What this task involves:
Your copy of the listing must be exact and must hold no images.

Stored data:

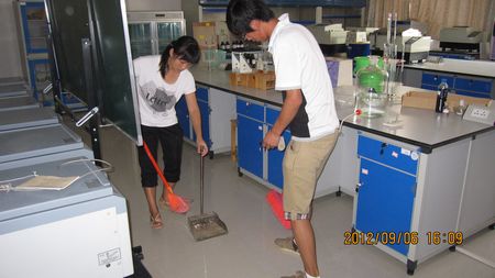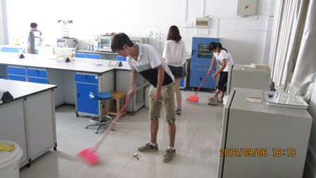 9月6日下午,我院部分学生党员在孙志强老师的带领下前往9栋实验楼进行大扫除活动。通过实际行动,表达了莘莘学子对老师们的崇敬之情。同学们在领取了清洁工具后便开始分工清理各个实验室,扫地擦窗,整理实验仪器,整个清扫活动进行了将近两个小时。尽管天气炎热,却挡不住同学们的热情,大家纷纷表示打扫累点不算什么,为辛苦的老师尽些绵薄之力,以此表达学生对老师们的感激之情。
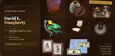 We are honored to present the Estate of David L. Dougherty, a respected longtime resident of Greenwood, South Carolina known for his 47-year banking career and service with the Greenwood Chamber of Commerce. Bid on well-kept furnishings and household items from a distinguished local estate.
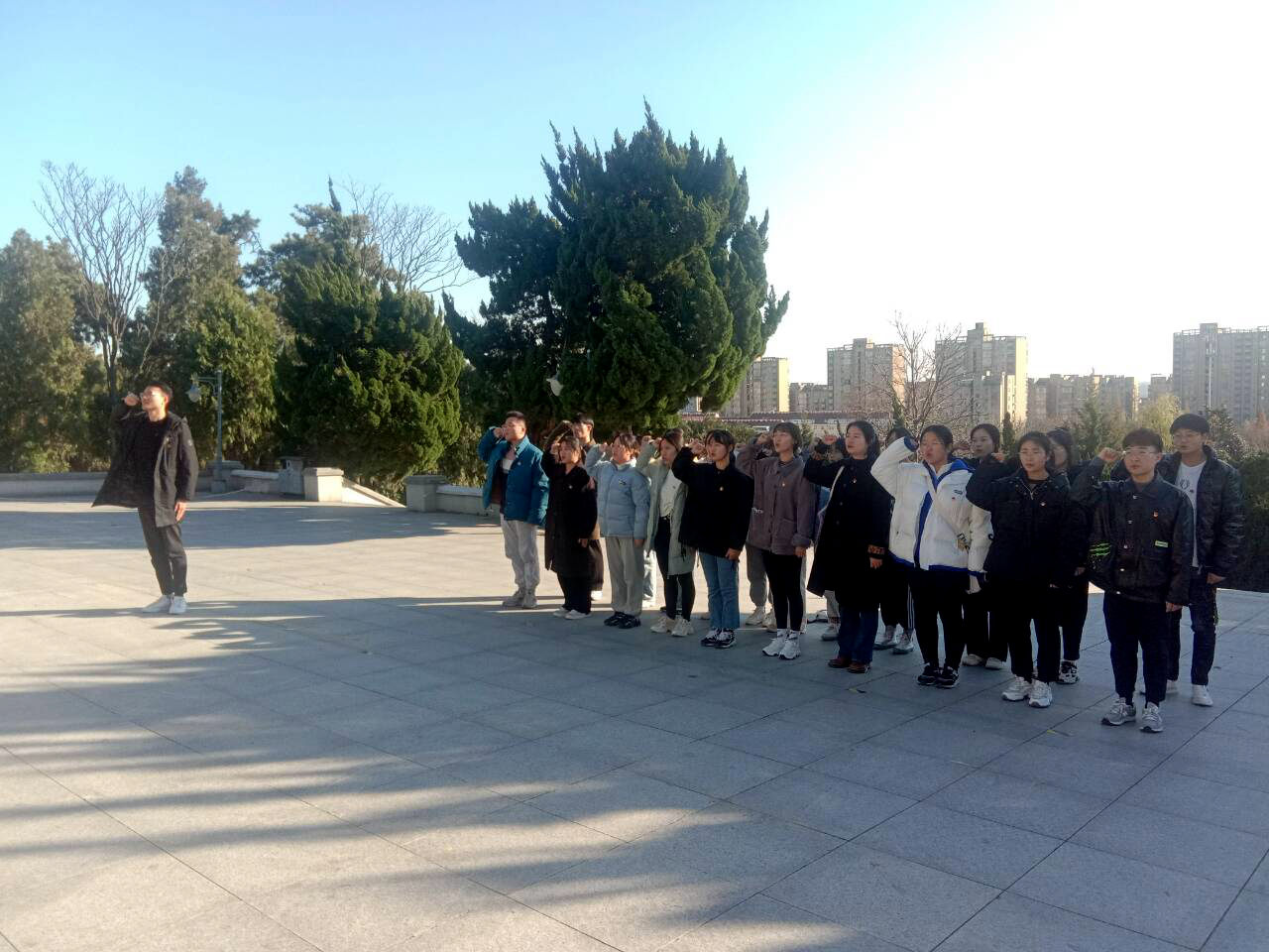 在革命烈士纪念碑前,全体党员高举右手重温入党誓词,提醒自己时刻牢记党的宗旨,追忆和学习革命先烈的奋斗历程、崇高情怀和优良作风,缅怀先辈们的精神品格和卓越功勋。
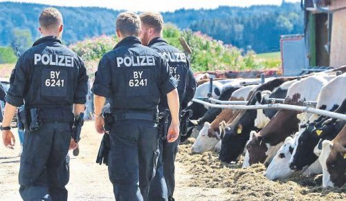 Wieder waren Dutzende Polizisten in der Gemeinde Bad Grönenbach im Allgäu im Einsatz. Diesmal durchsuchten sie einen dritten Bauernhof wegen des Verdachts auf Verstöße gegen das Tierschutzgesetz. In dem Rindermastbetrieb waren Tiere mit Verletzungen und Wunden vorgefunden worden, zudem sei ein Stall
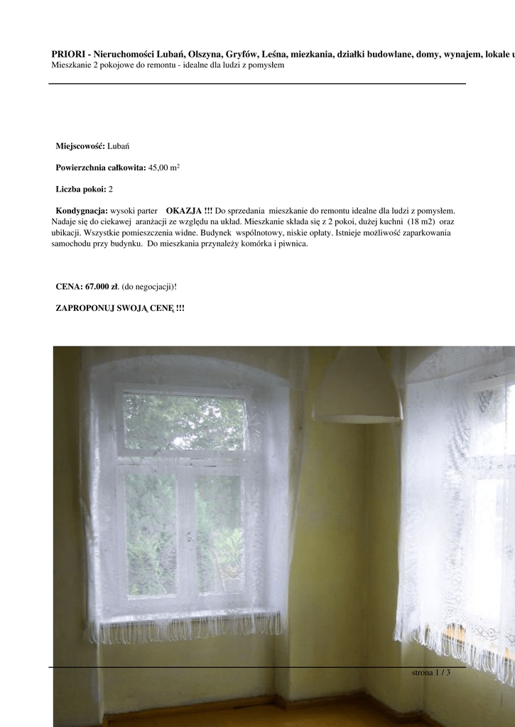 PRIORI - Nieruchomości Lubań, Olszyna, Gryfów, Leśna, miezkania, działki budowlane, domy, wynajem, lokale u Mieszkanie 2 pokojowe do remontu - idealne dla ludzi z pomysłem Miejscowość: Lubań Powierzchnia całkowita: 45,00 m2 Liczba pokoi: 2 Kondygnacja: wysoki parter OKAZJA !!! Do sprzedania mieszkanie do remontu idealne dla ludzi z pomysłem. Nadaje się do ciekawej aranżacji ze względu na układ. Mieszkanie składa się z 2 pokoi, dużej kuchni (18 m2) oraz ubikacji. Wszystkie pomieszczenia widne. Budynek wspólnotowy, niskie opłaty. Istnieje możliwość zaparkowania samochodu przy budynku. Do mieszkania przynależy komórka i piwnica. CENA: 67.000 zł. (do negocjacji)! ZAPROPONUJ SWOJĄ CENĘ !!! strona 1 / 3 PRIORI - Nieruchomości Lubań, Olszyna, Gryfów, Leśna, miezkania, działki budowlane, domy, wynajem, lokale u Mieszkanie 2 pokojowe do remontu - idealne dla ludzi z pomysłem strona 2 / 3 PRIORI - Nieruchomości Lubań, Olszyna, Gryfów, Leśna, miezkania, działki budowlane, domy, wynajem, lokale u Mieszkanie 2 pokojowe do remontu - idealne dla ludzi z pomysłem strona 3 / 3

Task solution:
 9月6日下午,我院部分学生党员在孙志强老师的带领下前往9栋实验楼进行大扫除活动。通过实际行动,表达了莘莘学子对老师们的崇敬之情。同学们在领取了清洁工具后便开始分工清理各个实验室,扫地擦窗,整理实验仪器,整个清扫活动进行了将近两个小时。尽管天气炎热,却挡不住同学们的热情,大家纷纷表示打扫累点不算什么,为辛苦的老师尽些绵薄之力,以此表达学生对老师们的感激之情。
 We are honored to present the Estate of David L. Dougherty, a respected longtime resident of Greenwood, South Carolina known for his 47-year banking career and service with the Greenwood Chamber of Commerce. Bid on well-kept furnishings and household items from a distinguished local estate.
 在革命烈士纪念碑前,全体党员高举右手重温入党誓词,提醒自己时刻牢记党的宗旨,追忆和学习革命先烈的奋斗历程、崇高情怀和优良作风,缅怀先辈们的精神品格和卓越功勋。
 Wieder waren Dutzende Polizisten in der Gemeinde Bad Grönenbach im Allgäu im Einsatz. Diesmal durchsuchten sie einen dritten Bauernhof wegen des Verdachts auf Verstöße gegen das Tierschutzgesetz. In dem Rindermastbetrieb waren Tiere mit Verletzungen und Wunden vorgefunden worden, zudem sei ein Stall
 PRIORI - Nieruchomości Lubań, Olszyna, Gryfów, Leśna, miezkania, działki budowlane, domy, wynajem, lokale u Mieszkanie 2 pokojowe do remontu - idealne dla ludzi z pomysłem Miejscowość: Lubań Powierzchnia całkowita: 45,00 m2 Liczba pokoi: 2 Kondygnacja: wysoki parter OKAZJA !!! Do sprzedania mieszkanie do remontu idealne dla ludzi z pomysłem. Nadaje się do ciekawej aranżacji ze względu na układ. Mieszkanie składa się z 2 pokoi, dużej kuchni (18 m2) oraz ubikacji. Wszystkie pomieszczenia widne. Budynek wspólnotowy, niskie opłaty. Istnieje możliwość zaparkowania samochodu przy budynku. Do mieszkania przynależy komórka i piwnica. CENA: 67.000 zł. (do negocjacji)! ZAPROPONUJ SWOJĄ CENĘ !!! strona 1 / 3 PRIORI - Nieruchomości Lubań, Olszyna, Gryfów, Leśna, miezkania, działki budowlane, domy, wynajem, lokale u Mieszkanie 2 pokojowe do remontu - idealne dla ludzi z pomysłem strona 2 / 3 PRIORI - Nieruchomości Lubań, Olszyna, Gryfów, Leśna, miezkania, działki budowlane, domy, wynajem, lokale u Mieszkanie 2 pokojowe do remontu - idealne dla ludzi z pomysłem strona 3 / 3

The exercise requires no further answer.